We are officially one week into Black History Month and I would love to go into the weekend off with a quote from the late Franklin Thomas who was the former president of the Ford Foundation. “One day our descendants will think it incredible that we paid so much attention to things like the amount of melanin in our skin or the shape of our eyes or our gender instead of the unique identities of each of us as complex human beings.” This quote encapsulates the very idea behind Black History Month. Most people assume that this month is exclusively about discussing the trials and tribulations of black people, specifically African-Americans, but it’s about celebrating those struggles and acknowledging them so that we can learn from the past.

(Getty Images) Carter Godwin Woodson (1875 – 1950)

Black History Month roots as an annual celebration of achievements by African Americans and a time for recognizing the central role of blacks in U.S. history. The event grew out of “Negro History Week”, which was exclusively the second week in February. The historian Carter G. Woodson was the main person who began fueling the idea in September of 1915. After founding The Study of Negro Life and History, he decided it would be logical to have an official week dedicated to acknowledging said life and history.

Maya Angelou (1970’s)

After officially recognizing Black History Month for the first time in 1975, President Gerald Ford asked the public to “seize the opportunity to honor the too-often neglected accomplishments of black Americans in every area of endeavor throughout our history.” Since 1976, every U.S. president has officially designated the month of February as Black History Month. Other countries around the world, including Canada and the United Kingdom, also devote a month to celebrating black history.

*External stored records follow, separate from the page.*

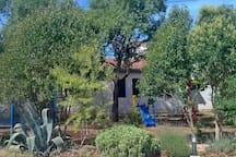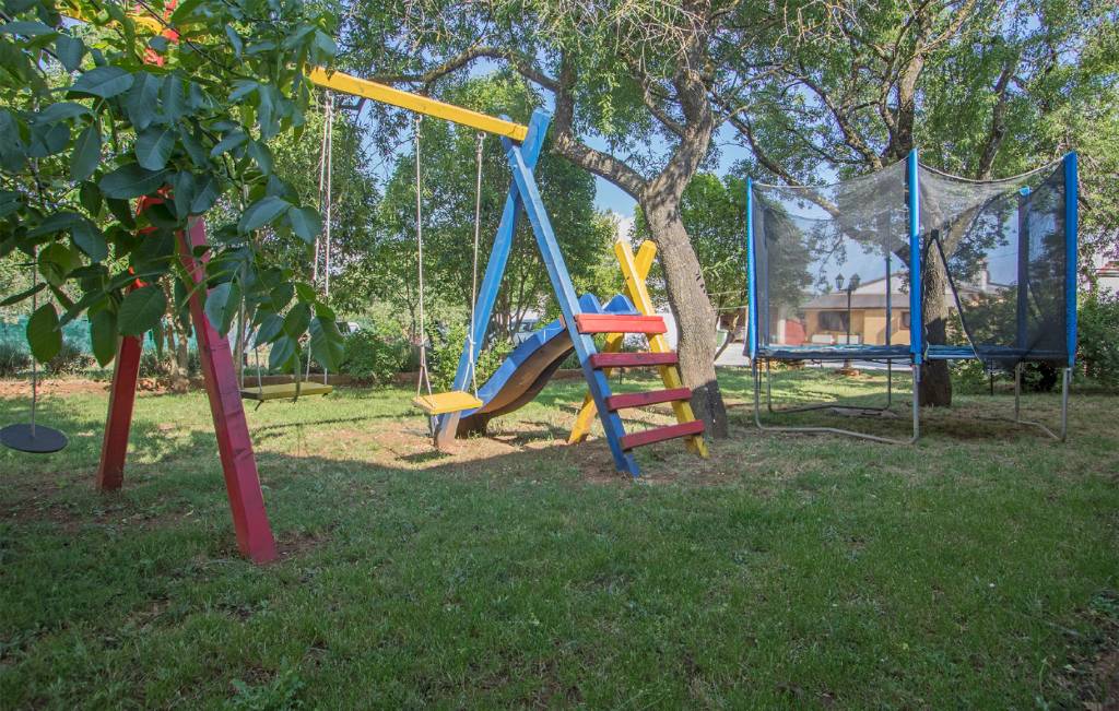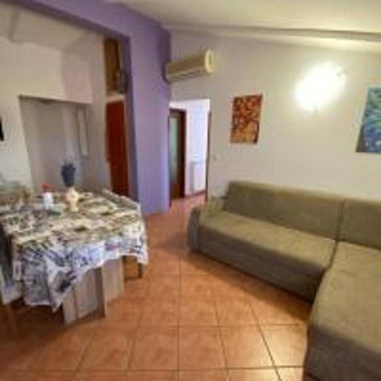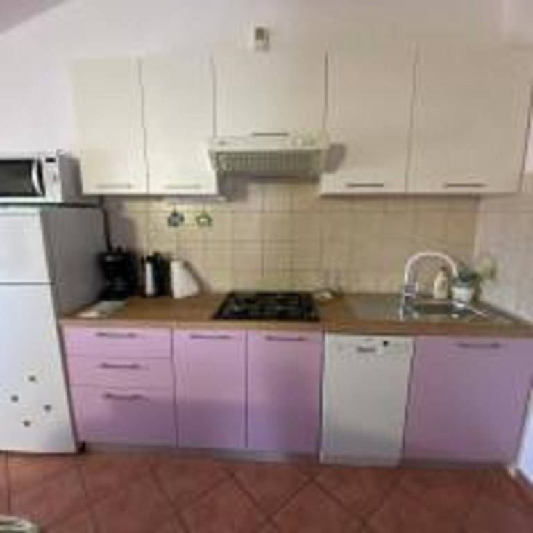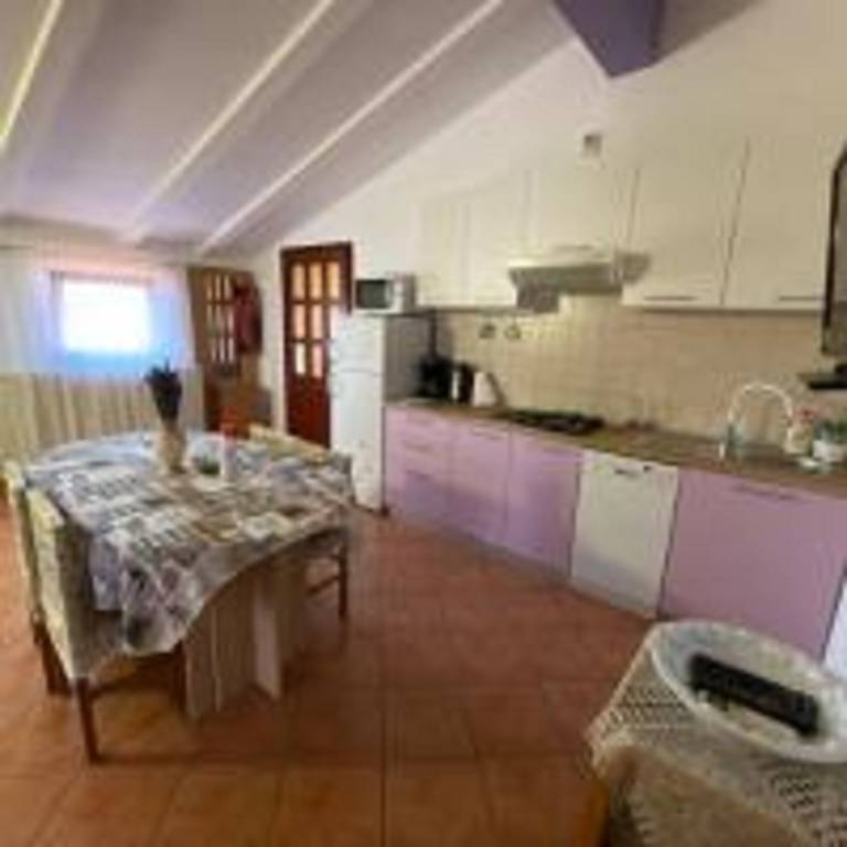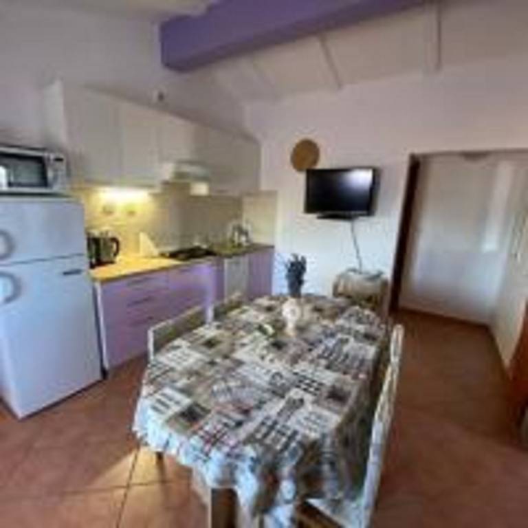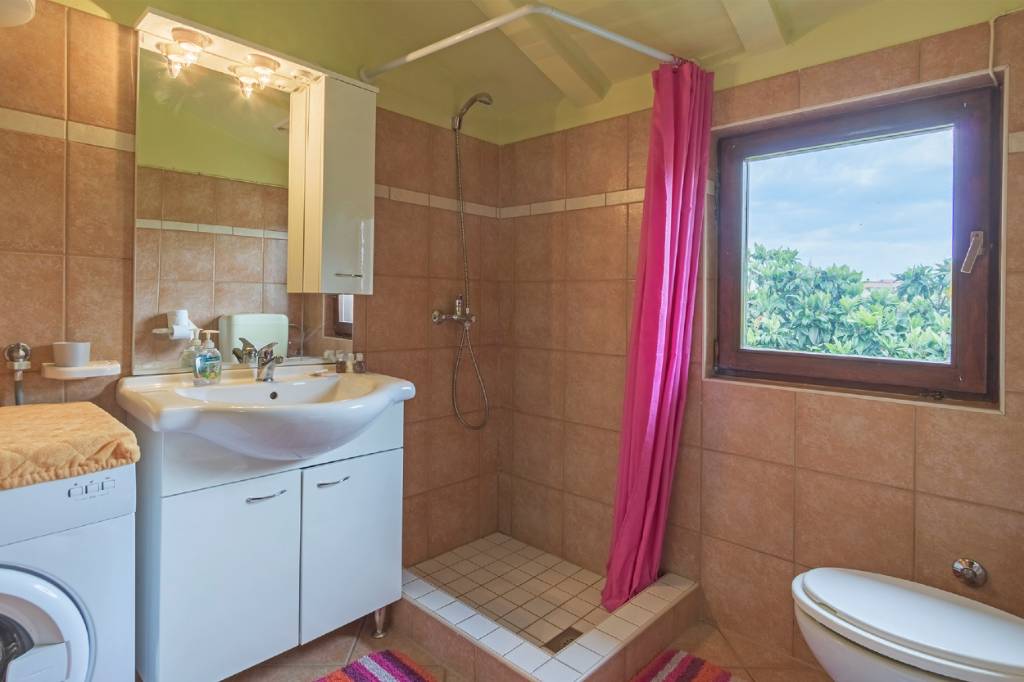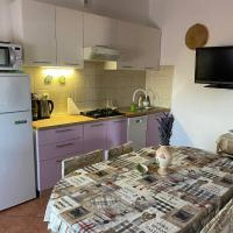 Apartment with a view of the Brijuni islands This holiday apartment is located on the outskirts of Vodnjan, surrounded by olive trees. It is on the first floor and affords a beautiful view of the sea and the Brijuni islands. The accommodation provides a beautiful, open kitchen in the spacious living room. The kitchen unit is equipped with a microwave, kettle, coffee machine, toaster, fridge with freezer compartment, and all the essentials for a pleasant stay. The apartment has air conditioning, a TV with satellite reception and a DVD player, and free wireless Internet access throughout. It is suitable for four people and has two bedrooms. The bedrooms each have two single beds measuring 90 x 200cm. You can pull out the sofa in the living room into another bed. One bedroom has its own bathroom with a shower, and the second, larger bathroom also has a washing machine. There are air conditioning units in the kitchen and in the living room, but the cool air also reaches the bedrooms. The terrace is roofed and furnished, so you can enjoy meals outdoors. In the morning you can enjoy your coffee accompanied by the chirping of crickets and the twittering of birds. The house is surrounded by over 1000m² of greenery and olive groves. There is a private parking space on site. The extensive plot of land is fenced. Next to the house, about 100 metres away, there is the restaurant run by the owner’s parents, where you can try the best ham, olive oil and wine in Istria. Breakfast, lunch and dinner, as well as traditional Istrian dishes, can be arranged on request. The nearest beaches are Peroj and Fažana, both less than three minutes (4km) away by car. Pula airport is a fifteen-minute drive away. The nearest shop is 500-700 metres away, as are a petrol station and a café. Active holiday-makers can hire bicycles nearby. The location of the house is convenient for exploring the whole of Istria, with Pula 10km away and Rovinj 20km.
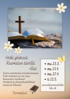 Hetki yhdessä Raamatun äärellä ma 13.4. klo 18–20 srk-talolla. Uutta toimintaa seurakunnassa. Tervetuloa mukaan ja ota ota oma Raamattu matkaan! Vetäjinä Siitoset. Seuraavat kokooontumiset ma 27.4. ja ti 12.5.
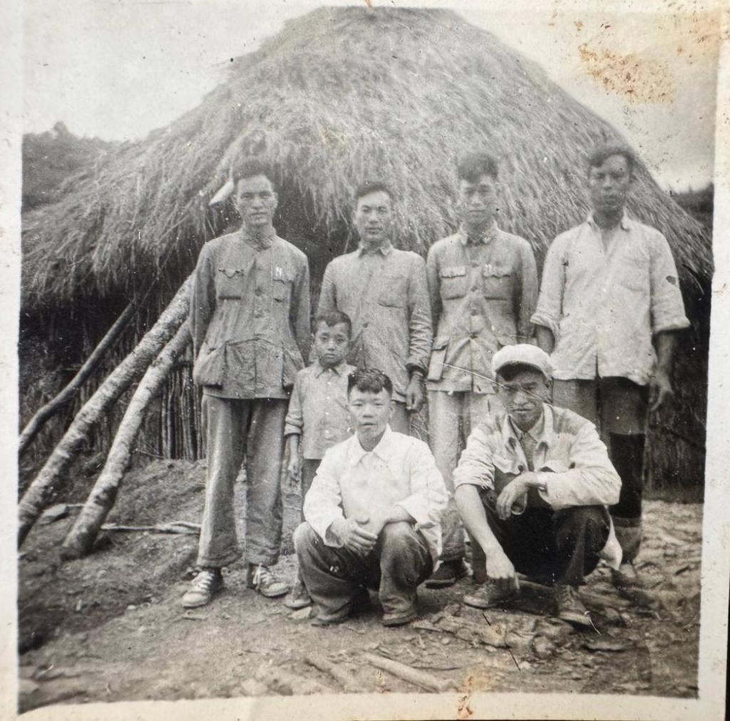 (档案馆馆藏1962年老挝筑路人员 前排左一为彭觉富)
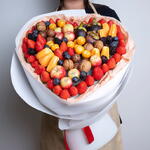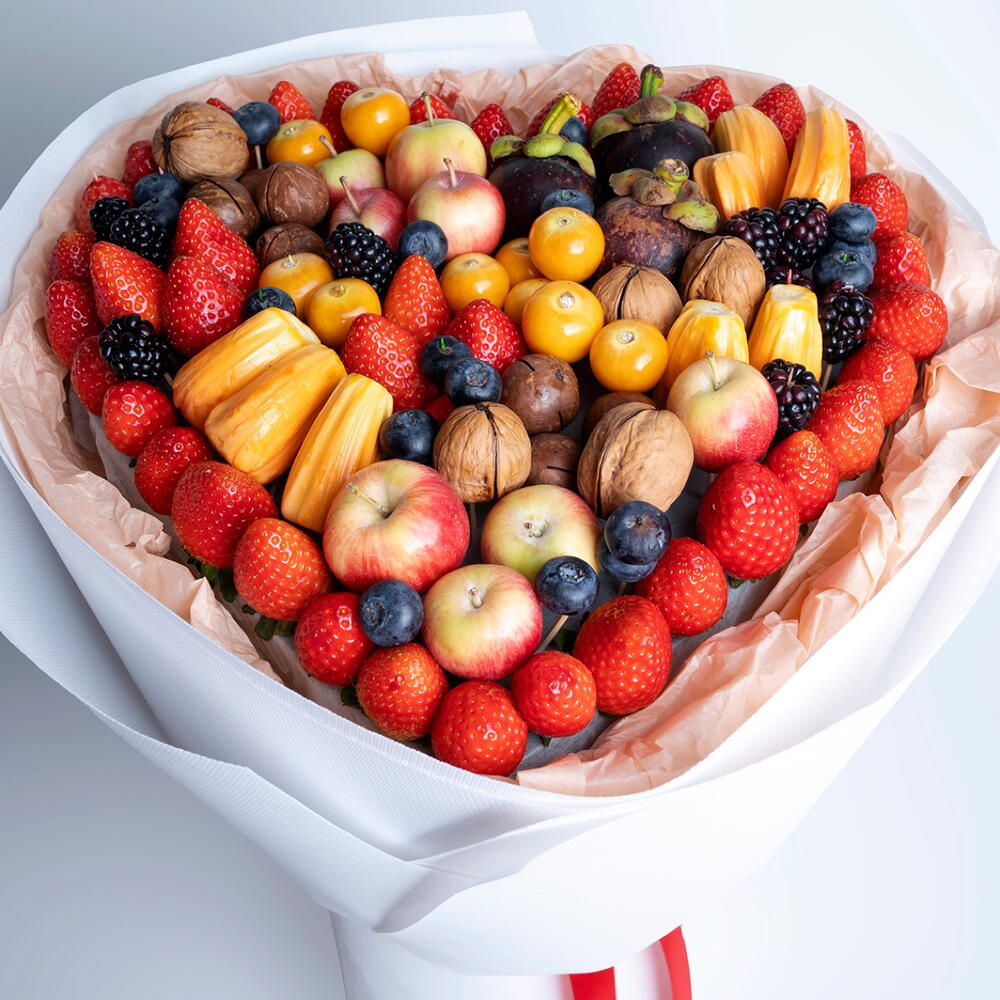 Un ramo de frutas en forma de corazón con frutas premium. Todas las frutas son de temporada y podemos sustituir las frutas por otras de la misma categoría si no están disponibles las mismas frutas.

We cannot move into the future without learning from our past. I believe African-Americans feel that we owe it to our ancestors to honor their accomplishments without forgetting their struggles. The late poet Maya Angelou once said, “We delight in the beauty of the butterfly, but rarely admit the changes it has gone through to achieve that beauty.” You could say that this quote captures the spirit of the modern-day Black History Month. While we are progressing rapidly as a group, and happily doing so, we need to continue to look back on past generations so that we don’t repeat history.